A lease dispute turned on the agreement’s effective date. The lease was found ambiguous on that point (and the subsequent trial result based on parol evidence affirmed), when it said:

  • On the last page – “IN WITNESS WHEREOF, the parties hereto have duly executed this Lease as of the day and year first written above.”
  • And on the first page – “This Ground Lease (“Lease”), dated for reference purposes as ________, 2014, is made and executed by and between Malik and Sons, LLC (“Landlord”), and CIRCLE K STORES INC., a Texas corporation (“Tenant”).”

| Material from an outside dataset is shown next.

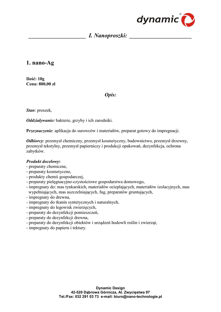 ______________________ I. Nanoproszki: ________________________ 1. nano-Ag Ilość: 10g Cena: 800,00 zł Opis: Stan: proszek, Oddziaływanie: bakterie, grzyby i ich zarodniki. Przeznaczenie: aplikacja do surowców i materiałów, preparat gotowy do impregnacji. Odbiorcy: przemysł chemiczny, przemysł kosmetyczny, budownictwo, przemysł drzewny, przemysł tekstylny, przemysł papierniczy i produkcji opakowań, dezynfekcja, ochrona zabytków. Produkt docelowy: - preparaty chemiczne, - preparaty kosmetyczne, - produkty chemii gospodarczej, - preparaty pielęgnacyjno-czystościowe gospodarstwa domowego, - impregnaty do: mas tynkarskich, materiałów ocieplających, materiałów izolacyjnych, mas wypełniających, mas uszczelniających, fug, preparatów gruntujących, - impregnaty do drewna, - impregnaty do tkanin syntetycznych i naturalnych, - impregnaty do legowisk zwierzęcych, - preparaty do dezynfekcji pomieszczeń, - preparaty do dezynfekcji drewna, - preparaty do dezynfekcji obiektów i urządzeń hodowli roślin i zwierząt, - impregnaty do papieru i tektury. Dynamic Design 42-520 Dąbrowa Górnicza, Al. Zwycięstwa 97 Tel./Fax: 032 291 03 73 e-mail: [email protected] 2. nano-Cu Ilość: 10g Cena: 700,00 zł Opis: Stan: proszek, Oddziaływanie: grzyby i ich zarodniki. Przeznaczenie: aplikacja do surowców i materiałów, preparat gotowy do impregnacji. Odbiorcy: przemysł chemiczny, przemysł kosmetyczny, budownictwo, przemysł drzewny, przemysł tekstylny, przemysł papierniczy i produkcji opakowań, dezynfekcja, ochrona zabytków. Produkt docelowy: - preparaty chemiczne, - preparaty kosmetyczne, - produkty chemii gospodarczej, - preparaty pielęgnacyjno-czystościowe gospodarstwa domowego, - impregnaty do: mas tynkarskich, materiałów ocieplających, materiałów izolacyjnych, mas wypełniających, mas uszczelniających, fug, preparatów gruntujących, - impregnaty do drewna, - impregnaty do tkanin syntetycznych i naturalnych, - impregnaty do legowisk zwierzęcych, - preparaty do dezynfekcji pomieszczeń, - preparaty do dezynfekcji drewna, - preparaty do dezynfekcji obiektów i urządzeń hodowli roślin i zwierząt - impregnaty do papieru i tektury. Dynamic Design 42-520 Dąbrowa Górnicza, Al. Zwycięstwa 97 Tel./Fax: 032 291 03 73 e-mail: [email protected] 3. nano-Ag na krzemionce: Ag/Sio2 Ilość: 10g Ilość nano-Ag: Cena: 550,00 zł Opis: Stan: proszek, Oddziaływanie: bakterie, grzyby i ich zarodniki. Przeznaczenie: aplikacja do surowców i materiałów, preparat gotowy do impregnacji. Odbiorcy: przemysł chemiczny, przemysł kosmetyczny, budownictwo, przemysł papierniczy i produkcji opakowań, dezynfekcja, ochrona zabytków. Produkt docelowy: - preparaty chemiczne, - preparaty kosmetyczne, - produkty chemii gospodarczej, - preparaty pielęgnacyjno-czystościowe gospodarstwa domowego, - impregnaty do: mas tynkarskich, materiałów ocieplających, materiałów izolacyjnych, mas wypełniających, mas uszczelniających, fug, preparatów gruntujących, - preparaty do dezynfekcji pomieszczeń, - preparaty do dezynfekcji obiektów i urządzeń hodowli roślin i zwierząt - impregnaty do papieru i tektury. Dynamic Design 42-520 Dąbrowa Górnicza, Al. Zwycięstwa 97 Tel./Fax: 032 291 03 73 e-mail: [email protected] 4. nano-Cu na krzemionce: Cu/Sio2 Ilość: 10g Ilość nano-Cu: Cena: 450,00 zł Opis: Stan: proszek, Oddziaływanie: bakterie, grzyby i ich zarodniki. Przeznaczenie: aplikacja do surowców i materiałów, preparat gotowy do impregnacji. Odbiorcy: przemysł chemiczny, przemysł kosmetyczny, budownictwo, przemysł papierniczy i produkcji opakowań, dezynfekcja, ochrona zabytków. Produkt docelowy: - preparaty chemiczne, - preparaty kosmetyczne, - produkty chemii gospodarczej, - preparaty pielęgnacyjno-czystościowe gospodarstwa domowego, - impregnaty do: mas tynkarskich, materiałów ocieplających, materiałów izolacyjnych, mas wypełniających, mas uszczelniających, fug, preparatów gruntujących, - preparaty do dezynfekcji pomieszczeń, - preparaty do dezynfekcji obiektów i urządzeń hodowli roślin i zwierząt - impregnaty do papieru i tektury. Dynamic Design 42-520 Dąbrowa Górnicza, Al. Zwycięstwa 97 Tel./Fax: 032 291 03 73 e-mail: [email protected] 5. nano-krzemionka hydrofobowa: nano-SiO2 / hfob Ilość:100g Cena: 25,00 zł Opis: Stan: proszek, kolor biały Oddziaływanie: nadaje właściwości hydrofobowe Przeznaczenie: aplikacja do surowców i materiałów, preparat gotowy do impregnacji. Odbiorcy: przemysł chemiczny, budownictwo, produkcja galanterii budowlanej, przemysł papierniczy i produkcji opakowań, ochrona zabytków. Produkt docelowy: - preparaty chemiczne, - produkty chemii gospodarczej, - impregnaty do: materiałów ocieplających, materiałów izolacyjnych, mas wypełniających, mas uszczelniających, fug, preparatów gruntujących, - impregnaty do papieru i tektury. 6. nano-krzemionka hydrofilowa: nano-SiO2 / hfil Ilość:100g Cena: 25,00 zł Opis: Stan: proszek, kolor biały Oddziaływanie: zagęszczacz do płynów, koloidów, farb itp., poprawia właściwości hydrofilowe. Przeznaczenie: aplikacja do surowców i materiałów. Dynamic Design 42-520 Dąbrowa Górnicza, Al. Zwycięstwa 97 Tel./Fax: 032 291 03 73 e-mail: [email protected]

The Fifth Circuit concluded “Circle K offers a plausible interpretation, but Malik offers an alternative, credible interpretation to Circle K’s proposed interpretation. It seems equally—if not more likely—that the ‘day and year first written above’ is referencing a date the parties should have written on the last page. Therefore, although the last page references an execution date ‘written above,’ there is no date on that page. The only other date in the document is labeled as ‘for reference purposes.’ Even though Circle K is correct that parties ‘are free to specify the date of a contract’s execution,’ the issue here is whether they did.” Malik & Sons v. Circle K Stores, No. 17-30113 (May 15, 2018, unpublished).

 

“Litigation about litigation,” usually in the form of a federal suit to enjoin or otherwise overcome a state-court case, can involve complicated federalism concepts such as the Rooker-Feldman doctrine or Younger abstention. The Fifth Circuit reiterated an even more basic principle in Machetta v. Moren, in which an unhappy party to a state court child custody case sought to assert civil rights claims against the judges: “The district court [correctly] dismissed the case because no case or controversy exists between ‘a judge who adjudicates claims under a statute and a litigant who attacks the constitutionality of the statute.'” No. 17-20533 (June 4, 2018, unpublished).